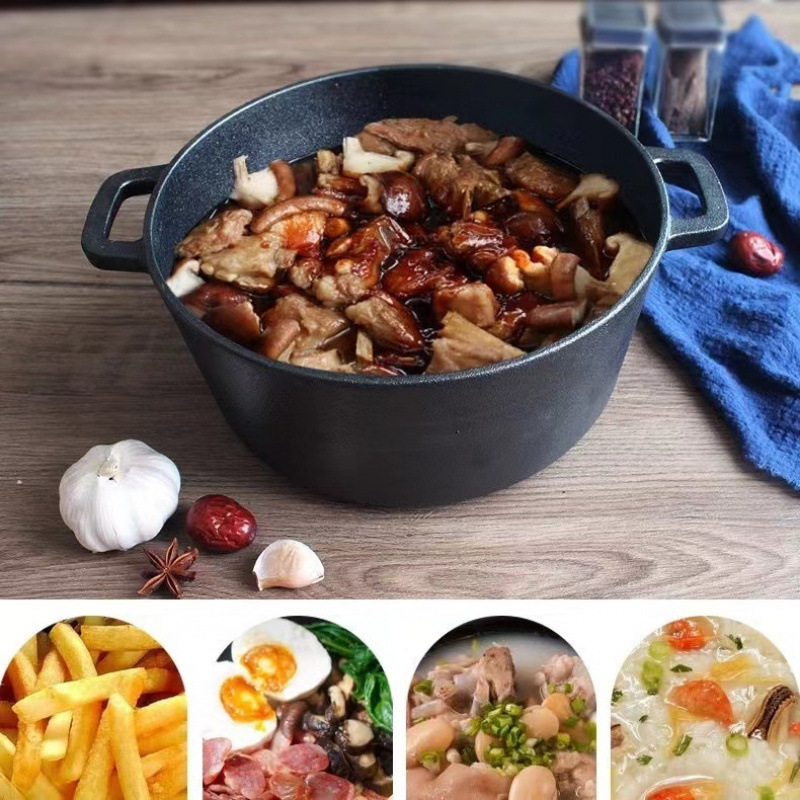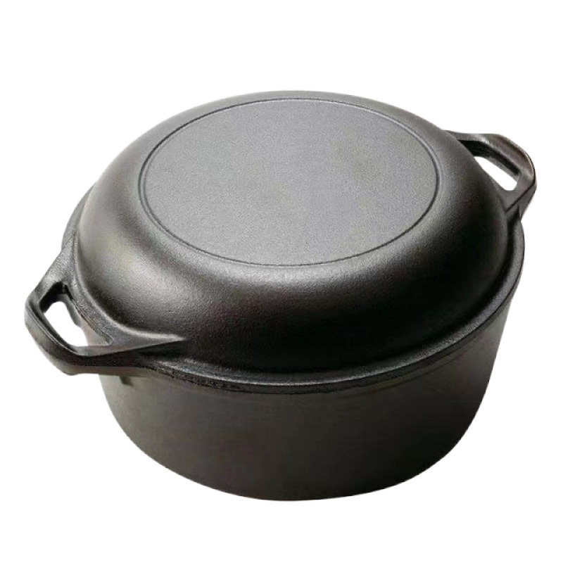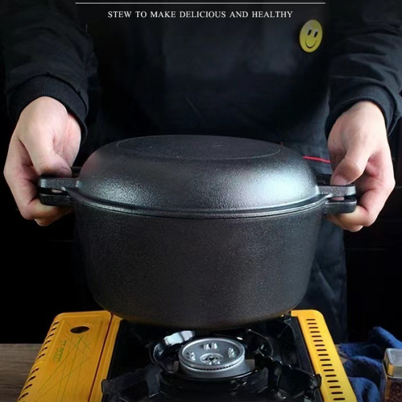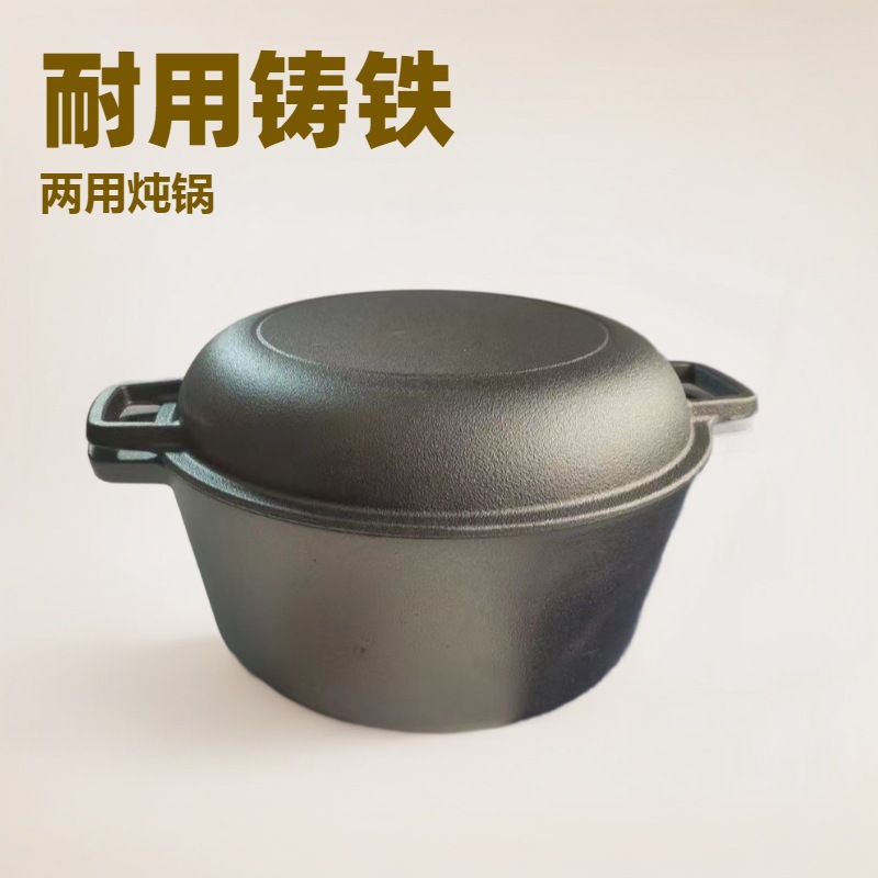 Чугунная сковорода двойного назначения 26cm Тушеная сковорода утолщенная без покрытия сковорода Голландская кастрюля Бинауральная индукционная плита
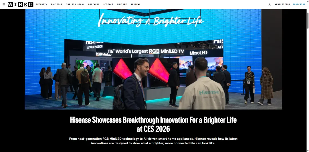 一场成功的展会营销,从来不是“昙花一现”,海信早就做好了长效布局——展会结束后,直接联动全球顶级科技媒体WIRED,发布深度报道,让品牌声量持续发酵。
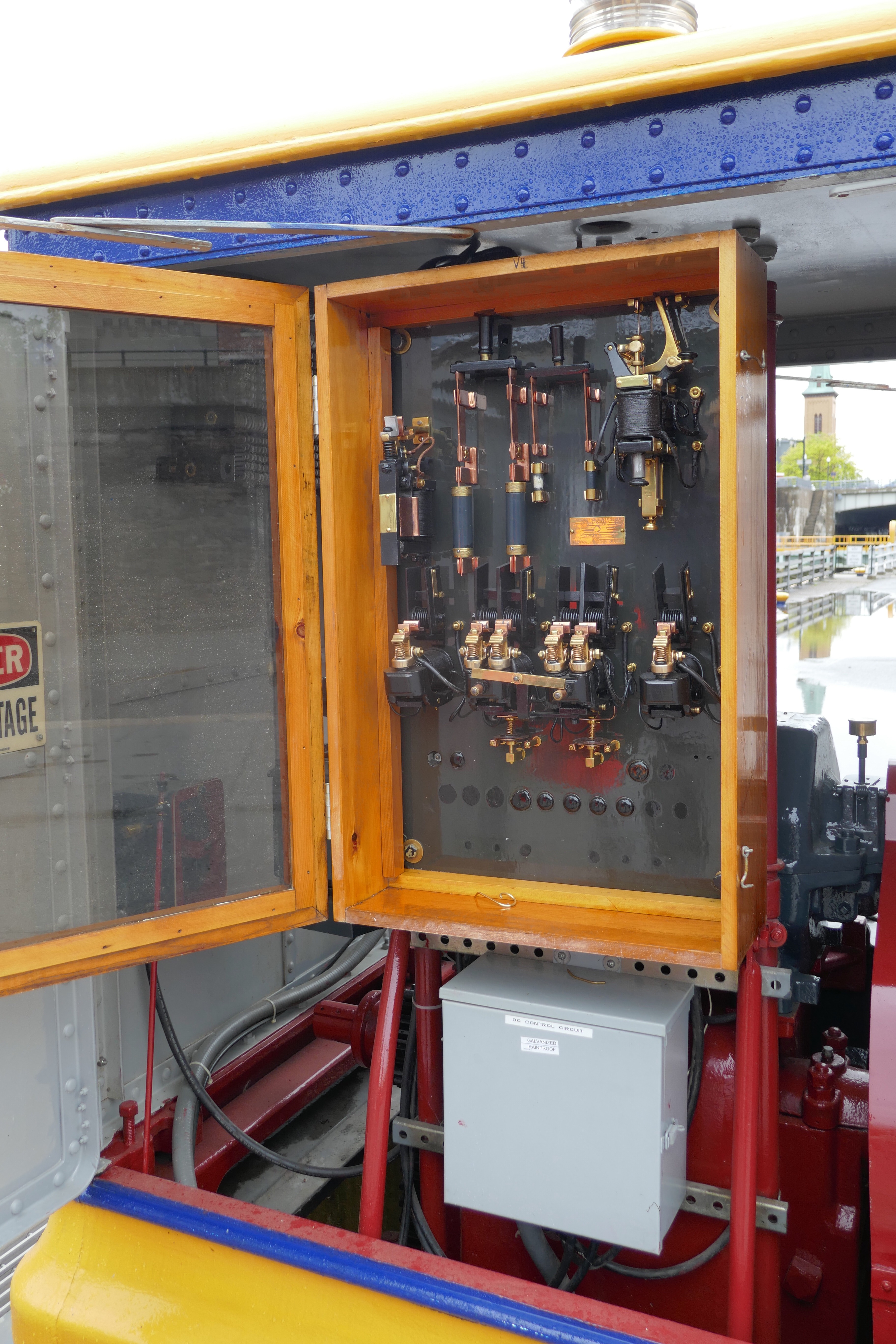 The gates and valves are operated on D.C. Power. The canal system used to have its own hydro plant using the water power from the Flight of Five, but they now use power off the grid. He showed me the electrical gear inside the cabinet:
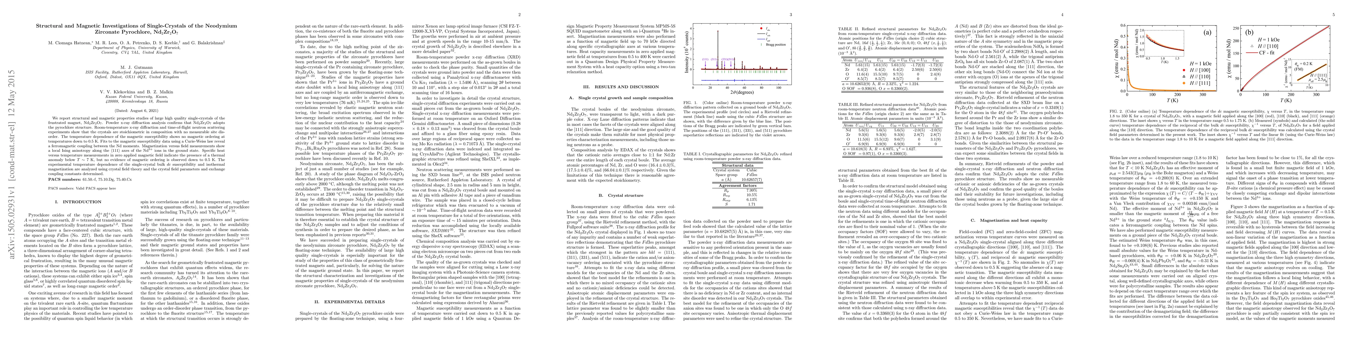 The study examines single-crystals of Nd2Zr2O7, confirming its pyrochlore structure with no site disorder. Despite lack of magnetic ordering down to 0.5K, ferromagnetic coupling and local Ising anisotropy are identified. A thermal anomaly is noted below 7K, but no magnetic ordering is observed. Crystal field theory is used to analyze susceptibility and magnetization data, determining crystal field parameters and exchange coupling constants.
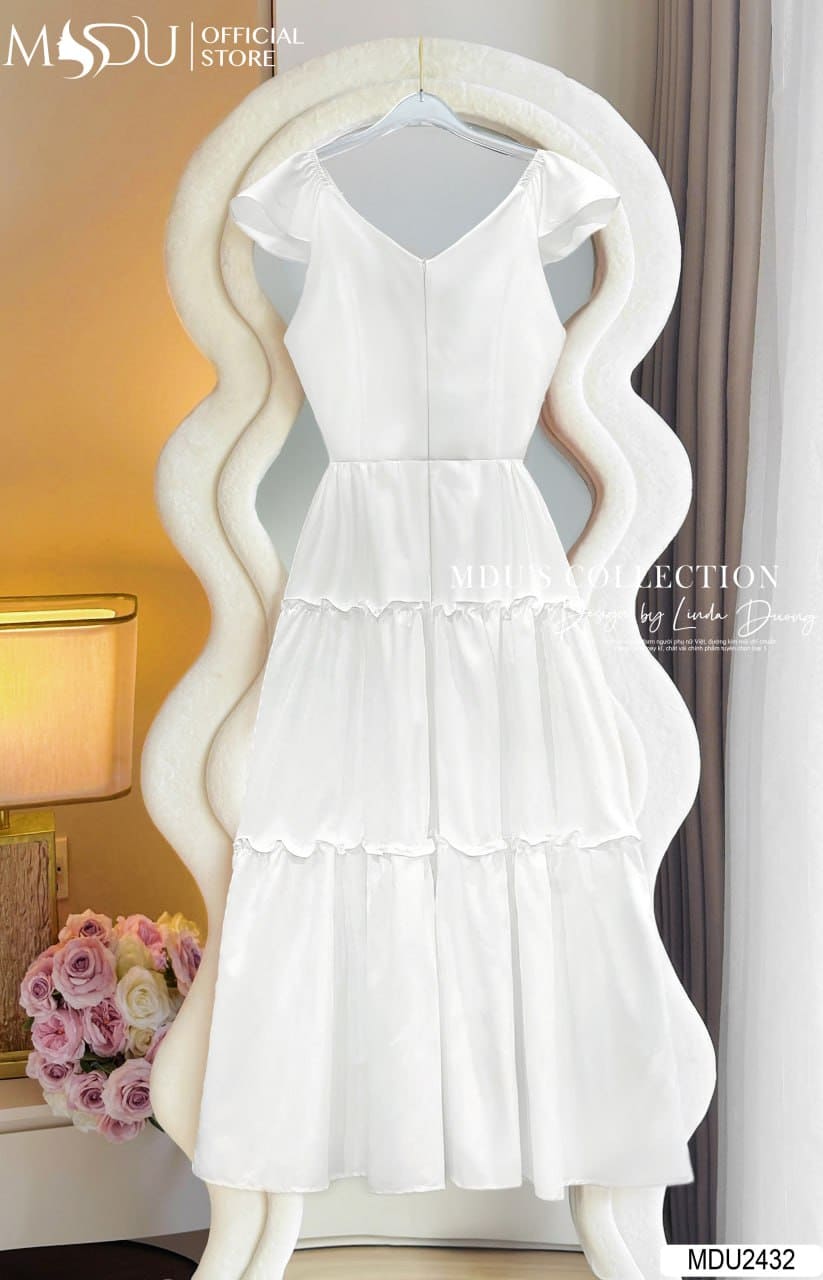 Váy Thiết Kế MDU2432 Vải Thô Trắng Dài Xòe Suông Tầng Cổ V Sâu Tay Cánh Tiên Thanh Thoát
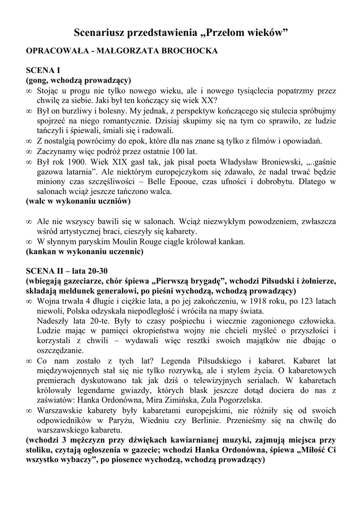 Scenariusz przedstawienia „Przełom wieków” OPRACOWAŁA - MAŁGORZATA BROCHOCKA SCENA I (gong, wchodzą prowadzący) • Stojąc u progu nie tylko nowego wieku, ale i nowego tysiąclecia popatrzmy przez chwilę za siebie. Jaki był ten kończący się wiek XX? • Był on burzliwy i bolesny. My jednak, z perspektyw kończącego się stulecia spróbujmy spojrzeć na niego romantycznie. Dzisiaj skupimy się na tym co sprawiło, ze ludzie tańczyli i śpiewali, śmiali się i radowali. • Z nostalgią powrócimy do epok, które dla nas znane są tylko z filmów i opowiadań. • Zaczynamy więc podróż przez ostatnie 100 lat. • Był rok 1900. Wiek XIX gasł tak, jak pisał poeta Władysław Broniewski, „..gaśnie gazowa latarnia”. Ale niektórym europejczykom się zdawało, że nadal trwać będzie miniony czas szczęśliwości – Belle Epooue, czas ufności i dobrobytu. Dlatego w salonach wciąż jeszcze tańczono walca. (walc w wykonaniu uczniów) • Ale nie wszyscy bawili się w salonach. Wciąż niezwykłym powodzeniem, zwłaszcza wśród artystycznej braci, cieszyły się kabarety. • W słynnym paryskim Moulin Rouge ciągle królował kankan. (kankan w wykonaniu uczennic) SCENA II – lata 20-30 (wbiegają gazeciarze, chór śpiewa „Pierwszą brygadę”, wchodzi Piłsudski i żołnierze, składają meldunek generałowi, po pieśni wychodzą, wchodzą prowadzący) • Wojna trwała 4 długie i ciężkie lata, a po jej zakończeniu, w 1918 roku, po 123 latach niewoli, Polska odzyskała niepodległość i wróciła na mapy świata. Nadeszły lata 20-te. Były to czasy pośpiechu i wiecznie zagonionego człowieka. Ludzie mając w pamięci okropieństwa wojny nie chcieli myśleć o przyszłości i korzystali z chwili – wydawali więc resztki swoich majątków nie dbając o oszczędzanie. • Co nam zostało z tych lat? Legenda Piłsudskiego i kabaret. Kabaret lat międzywojennych stał się nie tylko rozrywką, ale i stylem życia. O kabaretowych premierach dyskutowano tak jak dziś o telewizyjnych serialach. W kabaretach królowały legendarne gwiazdy, których blask jeszcze dotąd dociera do nas z zaświatów: Hanka Ordonówna, Mira Zimińska, Zula Pogorzelska. • Warszawskie kabarety były kabaretami europejskimi, nie różniły się od swoich odpowiedników w Paryżu, Wiedniu czy Berlinie. Przenieśmy się na chwilę do warszawskiego kabaretu. (wchodzi 3 mężczyzn przy dźwiękach kawiarnianej muzyki, zajmują miejsca przy stoliku, czytają ogłoszenia w gazecie; wchodzi Hanka Ordonówna, śpiewa „Miłość Ci wszystko wybaczy”, po piosence wychodzą, wchodzą prowadzący) • Po wojnie, domenie mężczyzn, nadszedł czas kobiet wyzwolonych – chłopczyc, które nosiły się swobodnie i podobnie zachowywały. Lubiły tańczyć w nowym stylu – tango, charlestona, fokstrota, w strojach, które ułatwiały poruszanie się na parkiecie. Suknie były proste, często z pęknięciem z boku, luźna góra, nagie ramiona. Tak ubraną można było tańczyć do upadłego. (tango tańczą tancerze tańca towarzyskiego) • W latach 20-tych gwiazdy filmowe jaśniały niemym blaskiem na białym ekranie. Ogromną sympatią cieszyła się postać sympatycznego włóczęgi, który, chociaż obdarty, zawsze był elegancki. (Charli Chaplin, raqtaim, po nim syrena, wbiegają gazeciarze obwieszczając II wojnę światową) SCENA III – wojna (przy dźwiękach „Na Warszawiaka nie masz cwaniaka” wchodzą mieszkańcy Warszawy, handlują, uciekają przed tajniakami, śpiewają piosenki „Teraz jest wojna”, „Siekiera, motyka”) SCENA IV – lata 50-te • Po zakończeniu II wojny światowej ludzkość uległa euforycznej radości. Ludzie chcieli zapomnieć o 6-cioletnim koszmarze, szukali rozrywki. I znajdowali. Na początku lat 50-tych pojawiła się telewizja oraz tzw. kina samochodowe, które przyciągały rzesze wielbicieli aktorów nowego pokolenia. • Całe rodziny w wygodnych wnętrzach swoich samochodów oglądały szalejące na ekranie potwory z filmów science fiction, zaś buntowniczo nastawione nastolatki ciągnęły do kin, aby podziwiać swoich idoli: (przy dźwiękach muzyki wchodzą aktorzy) - John Wayne – typ szlachetnego bohatera westernów, gotowego samotnie walczyć przeciwko złu - Brigite Bardot – słynna BB, najatrakycniejsza francuska aktorka filmowa, stworzyła typ bohaterki symbolizującą emancypację obyczajową kobiet - Marlon Brando – w filmie „Dziki”, ubrany w czarną skórę i dżinsy, odniósł ogromny sukces.; na wiele lat stał się bożyszczem nastolatków - Marilyn Monroe – najbardziej kobieca z hollywoodzkich gwiazd, typ słodkiej blondynki, do której próbowały upodobnić się miliony nastolatek - Zbyszek Cybulski – stworzył kultową postać w filmie Andrzeja Wajdy „Popiół i diament”, po którym stał się idolem całego pokolenia Polaków - Jemes Dean – stał się symbolem pokolenia rock and rolla, był wiernym odbiciem swych buntowniczo nastawionych rówieśników, zginął w swoim ulubionym porche • Prezenter telewizyjny Ed Suullivan powiedział publicznie, że „nie powinny oglądać go dzieci i młodzież”. • Zaledwie w kilka tygodni po potępieniu Elvisa Presleya, ten sam prezenter zaprosił go do swojego programu w roli gwiazdy. Presley miał zaśpiewać 3 utwory – za każdy otrzymał po 50 tys. dolarów. • Świat oszalał na punkcie Elvisa Presleya i rock and rolla. (śpiewa i gra Elvis) SCENA V – lata 60-te • Do muzycznej rewolucji lat 60-tych doszło w wielkie Brytanii. Czwórka chłopców z Liverpoolu, która z czasem zdobyła sławę jako zespól The Beatles, podbiła najpierw Europę, a w 1964 roku wyruszyła na podbój Stanów Zjednoczonych. Dziś będą naszymi gośćmi. (The Beatles i fanki) • Lata 60-te to czas swobody i emancypacji. Spragniona wolności młodzież buntowała się przeciwko wszystkiemu – poczynając od wojny w Wietnamie a na mieszczańskich wartościach sw
+++++
Requirement: Each word of the data should be repeated exactly, and the pictures left out.

Expected answer:
 Чугунная сковорода двойного назначения 26cm Тушеная сковорода утолщенная без покрытия сковорода Голландская кастрюля Бинауральная индукционная плита
 一场成功的展会营销,从来不是“昙花一现”,海信早就做好了长效布局——展会结束后,直接联动全球顶级科技媒体WIRED,发布深度报道,让品牌声量持续发酵。
 The gates and valves are operated on D.C. Power. The canal system used to have its own hydro plant using the water power from the Flight of Five, but they now use power off the grid. He showed me the electrical gear inside the cabinet:
 The study examines single-crystals of Nd2Zr2O7, confirming its pyrochlore structure with no site disorder. Despite lack of magnetic ordering down to 0.5K, ferromagnetic coupling and local Ising anisotropy are identified. A thermal anomaly is noted below 7K, but no magnetic ordering is observed. Crystal field theory is used to analyze susceptibility and magnetization data, determining crystal field parameters and exchange coupling constants.
 Váy Thiết Kế MDU2432 Vải Thô Trắng Dài Xòe Suông Tầng Cổ V Sâu Tay Cánh Tiên Thanh Thoát
 Scenariusz przedstawienia „Przełom wieków” OPRACOWAŁA - MAŁGORZATA BROCHOCKA SCENA I (gong, wchodzą prowadzący) • Stojąc u progu nie tylko nowego wieku, ale i nowego tysiąclecia popatrzmy przez chwilę za siebie. Jaki był ten kończący się wiek XX? • Był on burzliwy i bolesny. My jednak, z perspektyw kończącego się stulecia spróbujmy spojrzeć na niego romantycznie. Dzisiaj skupimy się na tym co sprawiło, ze ludzie tańczyli i śpiewali, śmiali się i radowali. • Z nostalgią powrócimy do epok, które dla nas znane są tylko z filmów i opowiadań. • Zaczynamy więc podróż przez ostatnie 100 lat. • Był rok 1900. Wiek XIX gasł tak, jak pisał poeta Władysław Broniewski, „..gaśnie gazowa latarnia”. Ale niektórym europejczykom się zdawało, że nadal trwać będzie miniony czas szczęśliwości – Belle Epooue, czas ufności i dobrobytu. Dlatego w salonach wciąż jeszcze tańczono walca. (walc w wykonaniu uczniów) • Ale nie wszyscy bawili się w salonach. Wciąż niezwykłym powodzeniem, zwłaszcza wśród artystycznej braci, cieszyły się kabarety. • W słynnym paryskim Moulin Rouge ciągle królował kankan. (kankan w wykonaniu uczennic) SCENA II – lata 20-30 (wbiegają gazeciarze, chór śpiewa „Pierwszą brygadę”, wchodzi Piłsudski i żołnierze, składają meldunek generałowi, po pieśni wychodzą, wchodzą prowadzący) • Wojna trwała 4 długie i ciężkie lata, a po jej zakończeniu, w 1918 roku, po 123 latach niewoli, Polska odzyskała niepodległość i wróciła na mapy świata. Nadeszły lata 20-te. Były to czasy pośpiechu i wiecznie zagonionego człowieka. Ludzie mając w pamięci okropieństwa wojny nie chcieli myśleć o przyszłości i korzystali z chwili – wydawali więc resztki swoich majątków nie dbając o oszczędzanie. • Co nam zostało z tych lat? Legenda Piłsudskiego i kabaret. Kabaret lat międzywojennych stał się nie tylko rozrywką, ale i stylem życia. O kabaretowych premierach dyskutowano tak jak dziś o telewizyjnych serialach. W kabaretach królowały legendarne gwiazdy, których blask jeszcze dotąd dociera do nas z zaświatów: Hanka Ordonówna, Mira Zimińska, Zula Pogorzelska. • Warszawskie kabarety były kabaretami europejskimi, nie różniły się od swoich odpowiedników w Paryżu, Wiedniu czy Berlinie. Przenieśmy się na chwilę do warszawskiego kabaretu. (wchodzi 3 mężczyzn przy dźwiękach kawiarnianej muzyki, zajmują miejsca przy stoliku, czytają ogłoszenia w gazecie; wchodzi Hanka Ordonówna, śpiewa „Miłość Ci wszystko wybaczy”, po piosence wychodzą, wchodzą prowadzący) • Po wojnie, domenie mężczyzn, nadszedł czas kobiet wyzwolonych – chłopczyc, które nosiły się swobodnie i podobnie zachowywały. Lubiły tańczyć w nowym stylu – tango, charlestona, fokstrota, w strojach, które ułatwiały poruszanie się na parkiecie. Suknie były proste, często z pęknięciem z boku, luźna góra, nagie ramiona. Tak ubraną można było tańczyć do upadłego. (tango tańczą tancerze tańca towarzyskiego) • W latach 20-tych gwiazdy filmowe jaśniały niemym blaskiem na białym ekranie. Ogromną sympatią cieszyła się postać sympatycznego włóczęgi, który, chociaż obdarty, zawsze był elegancki. (Charli Chaplin, raqtaim, po nim syrena, wbiegają gazeciarze obwieszczając II wojnę światową) SCENA III – wojna (przy dźwiękach „Na Warszawiaka nie masz cwaniaka” wchodzą mieszkańcy Warszawy, handlują, uciekają przed tajniakami, śpiewają piosenki „Teraz jest wojna”, „Siekiera, motyka”) SCENA IV – lata 50-te • Po zakończeniu II wojny światowej ludzkość uległa euforycznej radości. Ludzie chcieli zapomnieć o 6-cioletnim koszmarze, szukali rozrywki. I znajdowali. Na początku lat 50-tych pojawiła się telewizja oraz tzw. kina samochodowe, które przyciągały rzesze wielbicieli aktorów nowego pokolenia. • Całe rodziny w wygodnych wnętrzach swoich samochodów oglądały szalejące na ekranie potwory z filmów science fiction, zaś buntowniczo nastawione nastolatki ciągnęły do kin, aby podziwiać swoich idoli: (przy dźwiękach muzyki wchodzą aktorzy) - John Wayne – typ szlachetnego bohatera westernów, gotowego samotnie walczyć przeciwko złu - Brigite Bardot – słynna BB, najatrakycniejsza francuska aktorka filmowa, stworzyła typ bohaterki symbolizującą emancypację obyczajową kobiet - Marlon Brando – w filmie „Dziki”, ubrany w czarną skórę i dżinsy, odniósł ogromny sukces.; na wiele lat stał się bożyszczem nastolatków - Marilyn Monroe – najbardziej kobieca z hollywoodzkich gwiazd, typ słodkiej blondynki, do której próbowały upodobnić się miliony nastolatek - Zbyszek Cybulski – stworzył kultową postać w filmie Andrzeja Wajdy „Popiół i diament”, po którym stał się idolem całego pokolenia Polaków - Jemes Dean – stał się symbolem pokolenia rock and rolla, był wiernym odbiciem swych buntowniczo nastawionych rówieśników, zginął w swoim ulubionym porche • Prezenter telewizyjny Ed Suullivan powiedział publicznie, że „nie powinny oglądać go dzieci i młodzież”. • Zaledwie w kilka tygodni po potępieniu Elvisa Presleya, ten sam prezenter zaprosił go do swojego programu w roli gwiazdy. Presley miał zaśpiewać 3 utwory – za każdy otrzymał po 50 tys. dolarów. • Świat oszalał na punkcie Elvisa Presleya i rock and rolla. (śpiewa i gra Elvis) SCENA V – lata 60-te • Do muzycznej rewolucji lat 60-tych doszło w wielkie Brytanii. Czwórka chłopców z Liverpoolu, która z czasem zdobyła sławę jako zespól The Beatles, podbiła najpierw Europę, a w 1964 roku wyruszyła na podbój Stanów Zjednoczonych. Dziś będą naszymi gośćmi. (The Beatles i fanki) • Lata 60-te to czas swobody i emancypacji. Spragniona wolności młodzież buntowała się przeciwko wszystkiemu – poczynając od wojny w Wietnamie a na mieszczańskich wartościach sw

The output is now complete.